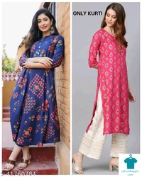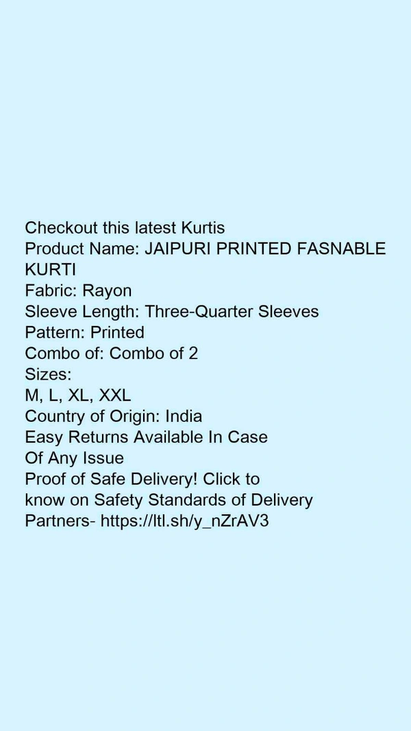 Product Name: *JAIPURI PRINTED FASNABLE KURTI*Fabric: RayonSleeve Length: Three-Quarter SleevesPattern: PrintedCombo of: Combo of 2
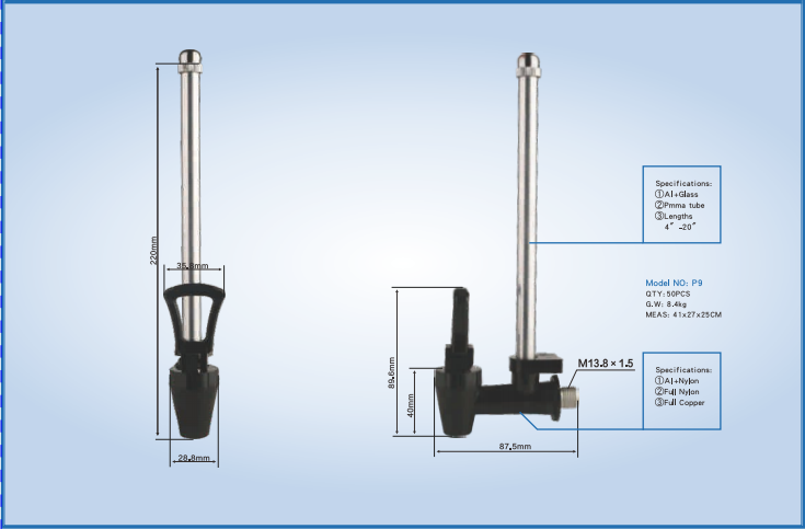 Questo rubinetto ti fa sapere quanta acqua aggiungere al tuo unità in acciaio inossidabile più facile. Costruzione di alta qualità. È possibile scegliere il tubo di mira in vetro o PC, rubinetto di livello commerciale.
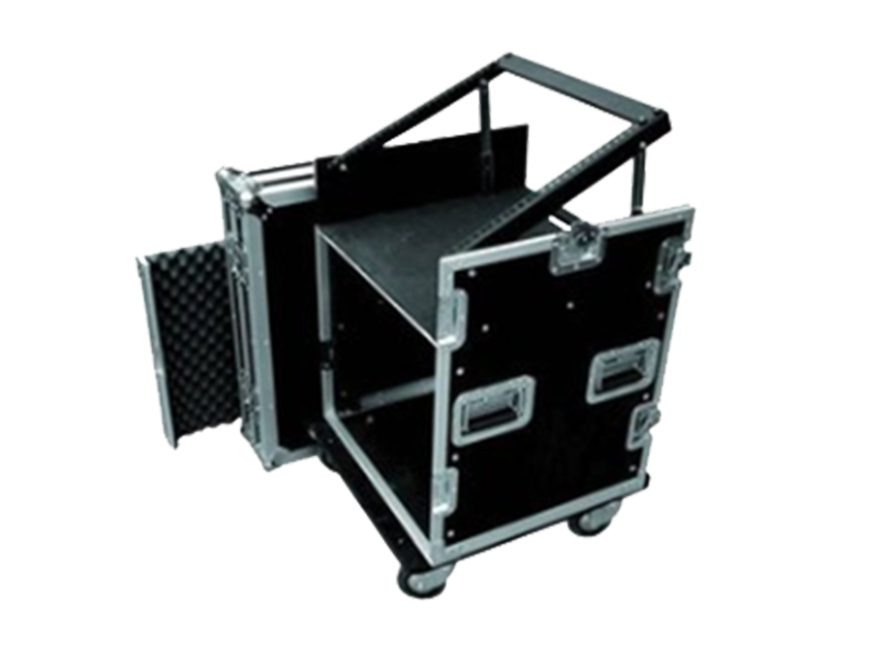 对角刹车万向脚轮,内贴25MM厚度的防震棉,可调升降架位、可调节调音台安装位置水平角度(方便使用者操作),
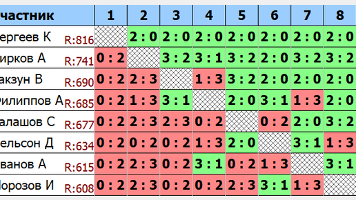 Всем привет! новый для нас формат турниров - ТРИ Лиги по 8 игроков, без отборочного тура такие результаты I Лига II, III ЛИГИ трансляция столы 6-5-4 https://vk.com/video-33206688_456240917 Чирков - Морозов https://dzen.ru/video/watch/68244ef4e95726713791ea19 Сергеев - Иванов https://dzen.ru/video/watch/6824501b3018820c880f4585 Чирков - Нельсон https://dzen.ru/video/watch/6824506d5a881453f08d8726 Иванов - Морозов https://dzen.ru/video/watch/68245137439e726fd4aa8b42 Чирков - Филиппов https://dzen...
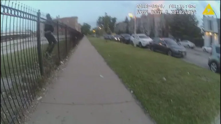From [HERE] and [HERE] Video released Wednesday shows a Chicago police tactical officer fatally shooting a 24-year-old man as he tried to scale a fence last month in the Bronzeville neighborhood.
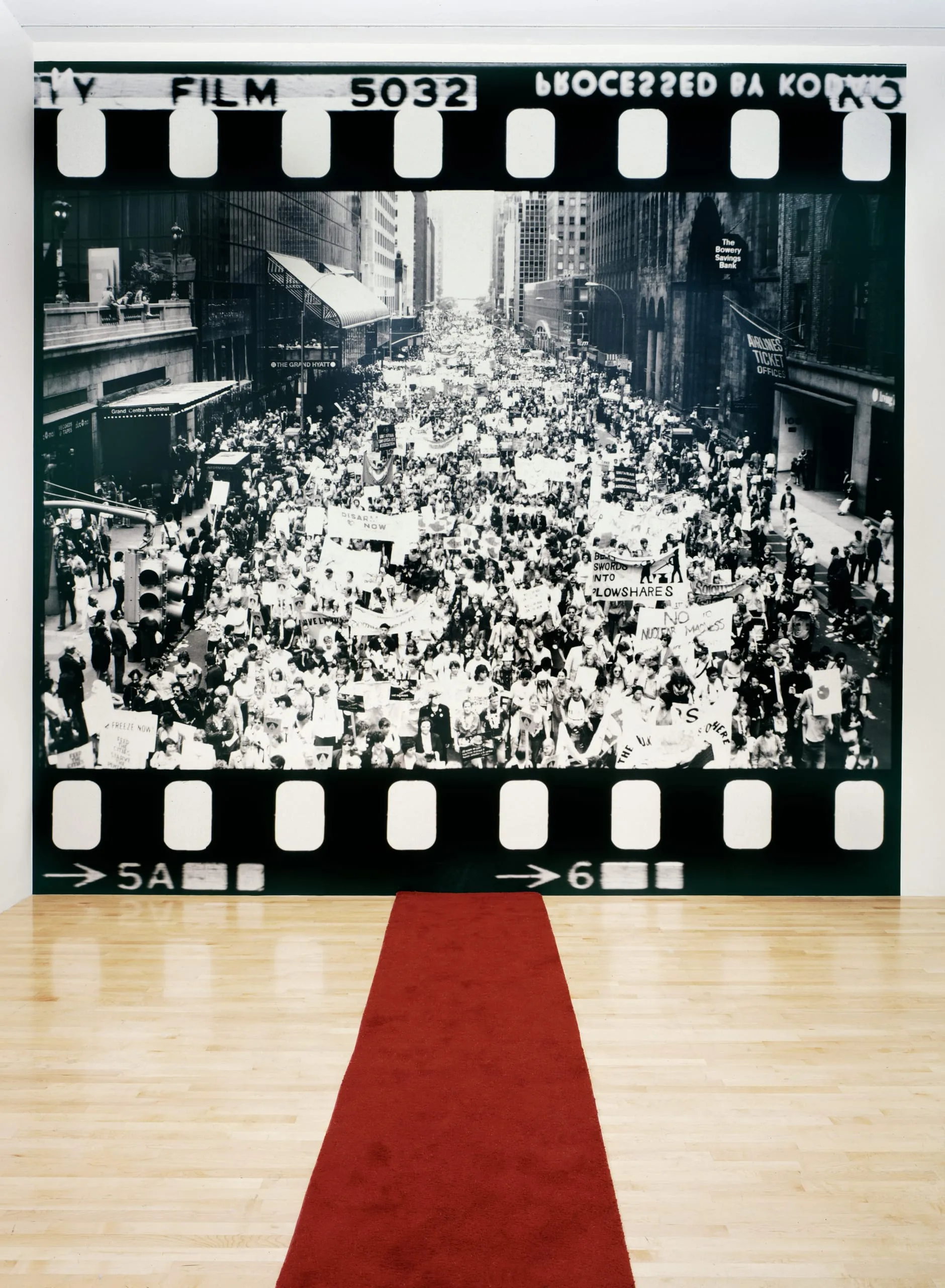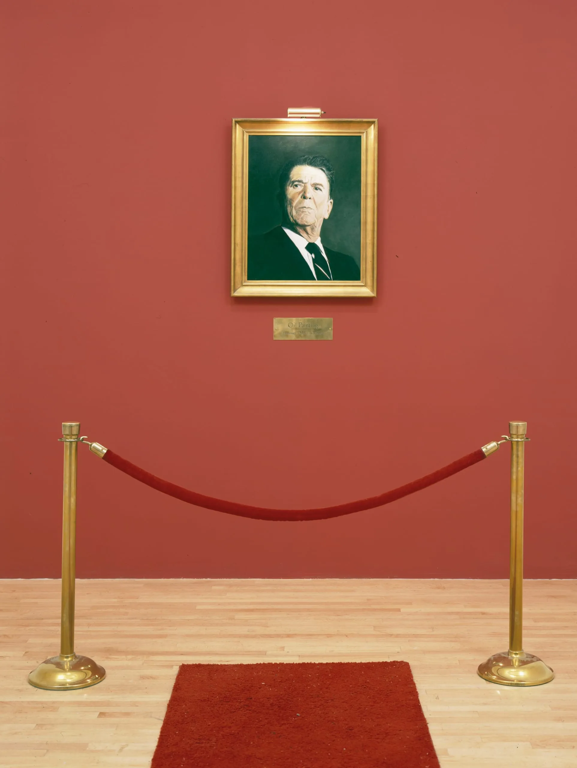- Oil on canvas, stanchions with velvet rope, red carpet, photo mural
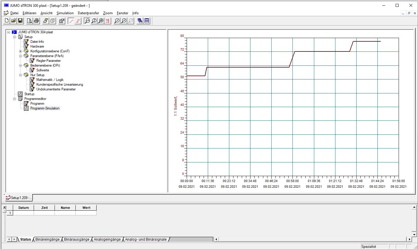 Beim Hersteller gibt es eine Software mit der man den Regler parametrisieren kann. Diese Software kann eine "Programm-Simulation" darstellen.
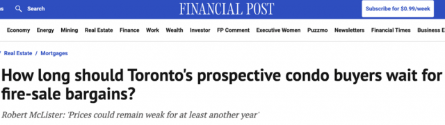 如果你是正考虑入手多伦多供应过剩公寓的潜在买家,你自然不想“接飞刀”。那么,什么时候这把刀才会停下?
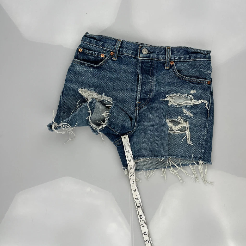 Levis Denim Shorts, fit a UK size 8 with a 28″ Waist.
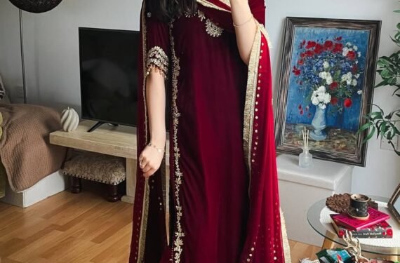 Be the first to review “Cherry Red Noor Velvet Embroidered Suit”
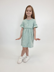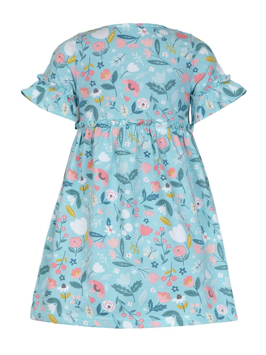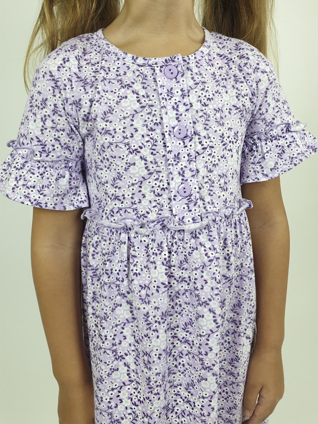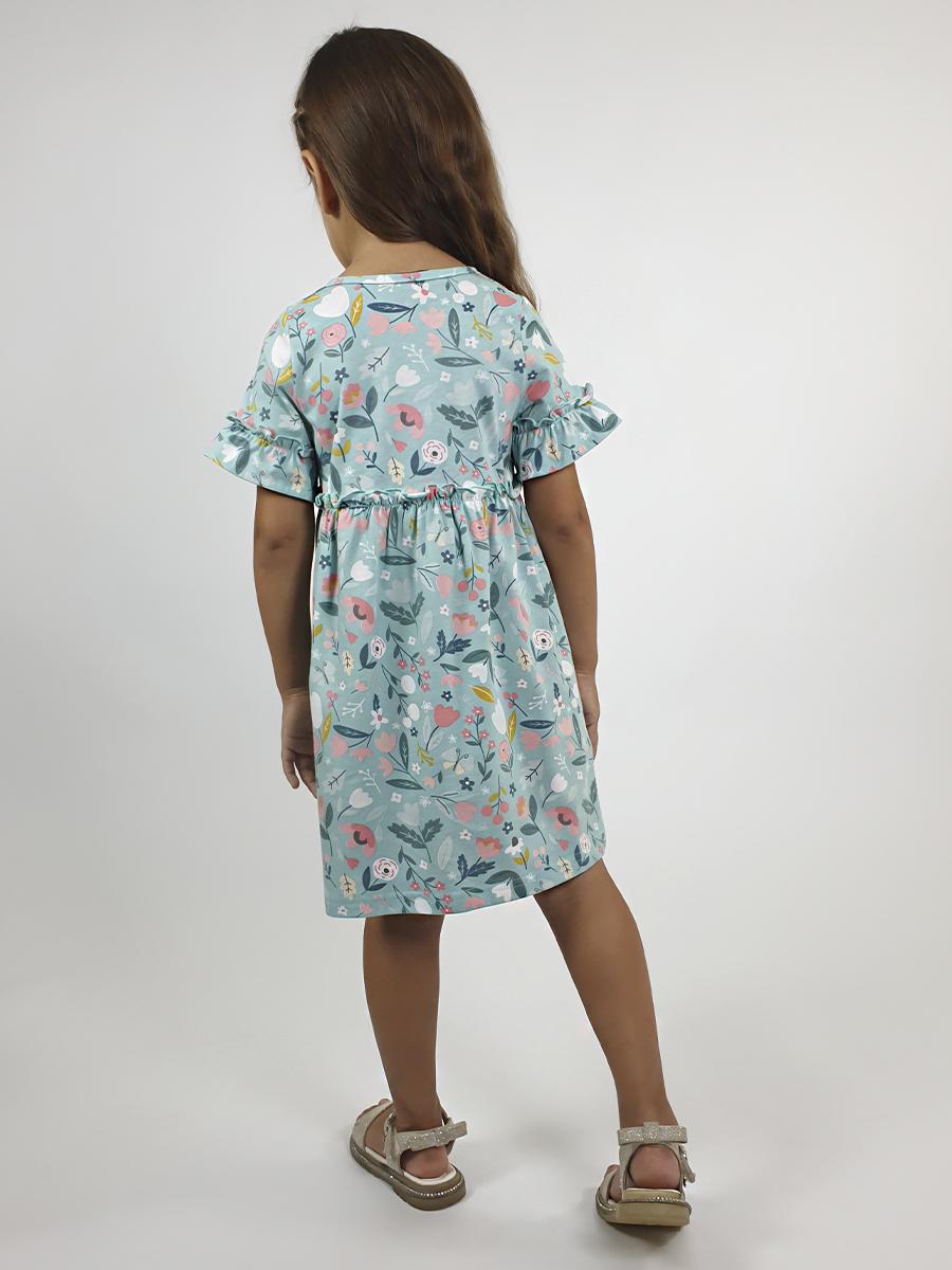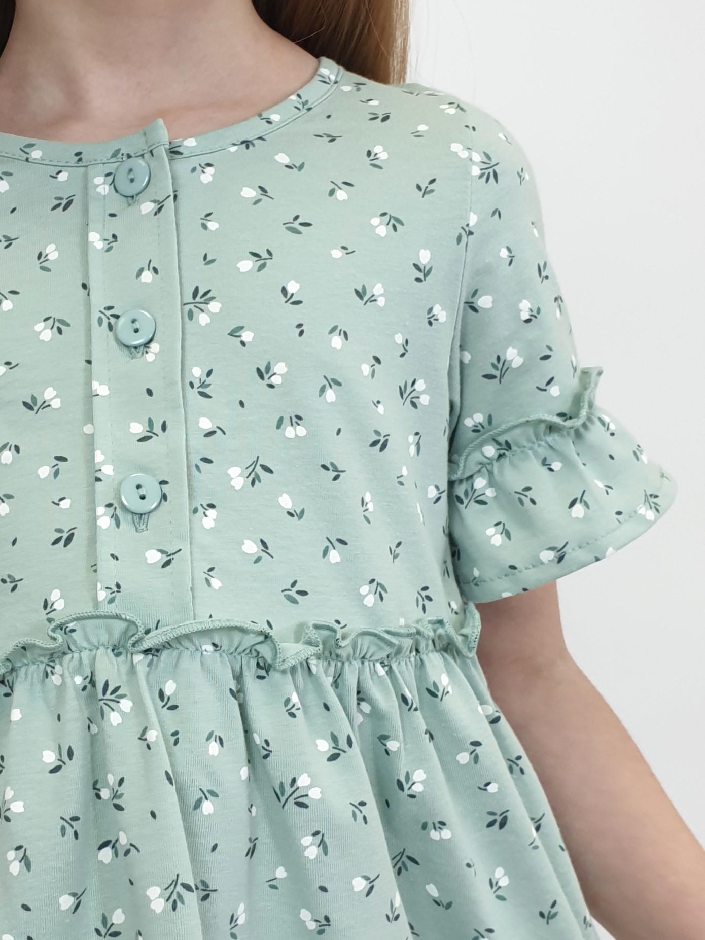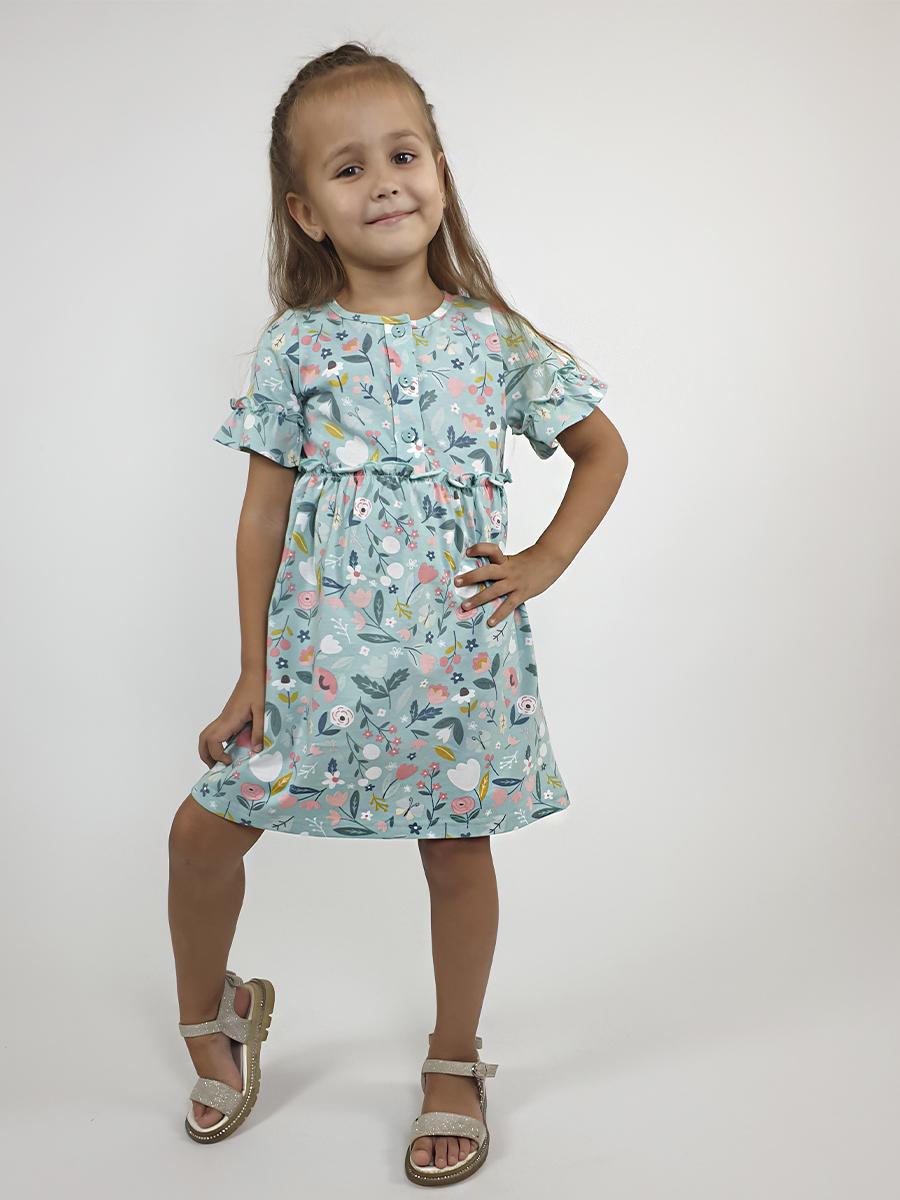 Кулирное полотно (набивка):100% х/б. Платье-силуэт трапеция,перед и спинка с кокеткой,юбка со сборкой.Рукав короткий с рюшей.Застежка по переду,на пуговицы.Горловина окантована.

- [Work required]: Return all of the material exactly, without pictures.

- [Answer section]:
 Product Name: *JAIPURI PRINTED FASNABLE KURTI*Fabric: RayonSleeve Length: Three-Quarter SleevesPattern: PrintedCombo of: Combo of 2
 Questo rubinetto ti fa sapere quanta acqua aggiungere al tuo unità in acciaio inossidabile più facile. Costruzione di alta qualità. È possibile scegliere il tubo di mira in vetro o PC, rubinetto di livello commerciale.
 对角刹车万向脚轮,内贴25MM厚度的防震棉,可调升降架位、可调节调音台安装位置水平角度(方便使用者操作),
 Всем привет! новый для нас формат турниров - ТРИ Лиги по 8 игроков, без отборочного тура такие результаты I Лига II, III ЛИГИ трансляция столы 6-5-4 https://vk.com/video-33206688_456240917 Чирков - Морозов https://dzen.ru/video/watch/68244ef4e95726713791ea19 Сергеев - Иванов https://dzen.ru/video/watch/6824501b3018820c880f4585 Чирков - Нельсон https://dzen.ru/video/watch/6824506d5a881453f08d8726 Иванов - Морозов https://dzen.ru/video/watch/68245137439e726fd4aa8b42 Чирков - Филиппов https://dzen...
From [HERE] and [HERE] Video released Wednesday shows a Chicago police tactical officer fatally shooting a 24-year-old man as he tried to scale a fence last month in the Bronzeville neighborhood.
- Oil on canvas, stanchions with velvet rope, red carpet, photo mural
 Beim Hersteller gibt es eine Software mit der man den Regler parametrisieren kann. Diese Software kann eine "Programm-Simulation" darstellen.
 如果你是正考虑入手多伦多供应过剩公寓的潜在买家,你自然不想“接飞刀”。那么,什么时候这把刀才会停下?
 Levis Denim Shorts, fit a UK size 8 with a 28″ Waist.
 Be the first to review “Cherry Red Noor Velvet Embroidered Suit”
 Кулирное полотно (набивка):100% х/б. Платье-силуэт трапеция,перед и спинка с кокеткой,юбка со сборкой.Рукав короткий с рюшей.Застежка по переду,на пуговицы.Горловина окантована.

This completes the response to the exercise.